Based on our previous study [7], 256 patients (49.2%) were classified as having severe TSCI (AIS A–B) and 264 patients (50.8%) were classified as having non-severe TSCI (AIS C–E) (Table 2). There were significant differences between the severe and non-severe TSCI groups in terms of sex (p = 0.009), location of injury (p < 0.001), body temperature (p < 0.001), heart rate (p < 0.001), SBP (p < 0.001), DBP (p < 0.001), serum glucose (p < 0.001), serum potassium (p < 0.001), serum GPR (p < 0.001), and WBC count (p < 0.001) (Table 2). Further investigation into the correlation between serum glucose, serum potassium, and serum GPR with the AIS grade showed that the admission serum glucose and serum GPR decreased in an AIS grade-dependent manner, while serum potassium increased in an AIS grade-dependent manner. Serum glucose (R = − 0.410, p < 0.001 (Fig. 1A) and serum potassium (R = − 0.484, p < 0.001) (Fig. 1B) were weakly correlated with AIS grade at admission, whereas serum GPR (R = − 0.540, p < 0.001) (Fig. 1C) was moderately correlated with AIS grade. Among them, the correlation between serum GPR and the degree of TSCI injury was highest.

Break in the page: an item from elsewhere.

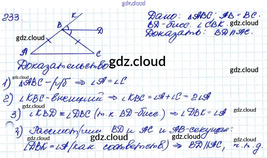 Ответ на задание 233 Учебник Геометрия за 7, 8, 9 (седьмой, восьмой, девятый) класс Атанасян, Бутузов, Кадомцев 2010

Table 2 The differences in clinical features and laboratory data between severe and non-severe TSCI
Fig. 1
figure 1

A: Scatterplot showing that the admission serum glucose decreased in an AIS grade-dependent manner (R=-0.410, p < 0.001); B Scatterplot showing showed that the admission serum potassium increased in an AIS grade-dependent manner (R=-0.484, p < 0.001); C: Scatterplot showing that the admission serum GPR decreased in an AIS grade-dependent manner (R=-0.540, p < 0.001).GPR: glucose-potassium ratio; AIS: American Spinal Injury Association Impairment Scale

Serum GPR and prognosis

According to the assessment of the AIS grade at 6 months after injury, 262 patients (49.2%) were classified as having a poor prognosis (AIS A–C) and 258 patients (50.8%) were classified as having a good prognosis (AIS D–E) (Table 3). Serum GPR increased in a AIS grade-dependent manner after a 6-month follow-up (R = − 0.599, p < 0.001) (Fig. 2A). The univariate analysis indicated that sex, severity of injury, location of injury, SBP, DBP, heart rate, surgical treatment, serum glucose level, serum potassium level, serum GPR, and WBC count were significantly associated with the 6-month prognosis. We also found that the serum GPR of TSCI patients with a good prognosis was significantly lower than that of TSCI patients with a poor prognosis (Fig. 2B). To analyze and adjust for multiple predictors, we performed multivariate logistic regression analyses (Table 4). We found that serum GPR remained a significant prognostic factor affecting the 6-month prognosis of TSCI patients (odds ratio (OR), 0.001 (0.000–0.165), p < 0.001), whereas serum glucose and serum potassium were not significantly associated with the 6-month prognosis. In addition, the severity of TSCI at admission was an independent predictor of the 6-month prognosis (OR, 0.009 (0.004–0.021)). Finally, to assess the serum GPR prediction performance, we constructed an ROC and calculated the AUC. The ROC analysis showed the AUC of serum GPR to be a good predictor of prognosis in TSCI patients at 0.842 (95% CI, 0.808–0.875) (Fig. 2C).

Table 3 Results of statistical analysis of the risk factors for poor prognosis in TSCI
Fig. 2
figure 2

A: Scatterplot showing that Serum GPR increased in a AIS grade-dependent manner after a 6-month follow-up (R= -0.599, p < 0.001 ); B Scatterplot showing that serum GPR with good prognosis group was significantly lower than in the poor prognosis group (p < 0.001); C:The ROC curve analysis of serum GPR for predicting poor prognosis. The AUC of serum GPR was 0.842 (95%CI 0.808–0.875). AUC: area under the curve; GPR: glucose-potassium ratio; AIS: American Spinal Injury Association Impairment Scale; ROC: receiver operating characteristic

Table 4 Multivariate logistic regression analysis for risk factors of poor outcome in TSCI

Discussion

This is the first study to examine the correlation of serum GPR with injury severity and 6-month prognosis for patients with TSCI. In this study, serum GPR in patients with TSCI was significantly correlated with the severity of injury at admission. We also demonstrated that serum GPR was strongly associated with a poor prognosis. In addition, serum GPR was significantly elevated in the severe TSCI group with a poor prognosis compared with the good prognosis group. Thus, serum GPR shows potential as a biomarker of the severity of TSCI and for predicting the prognosis of TSCI patients.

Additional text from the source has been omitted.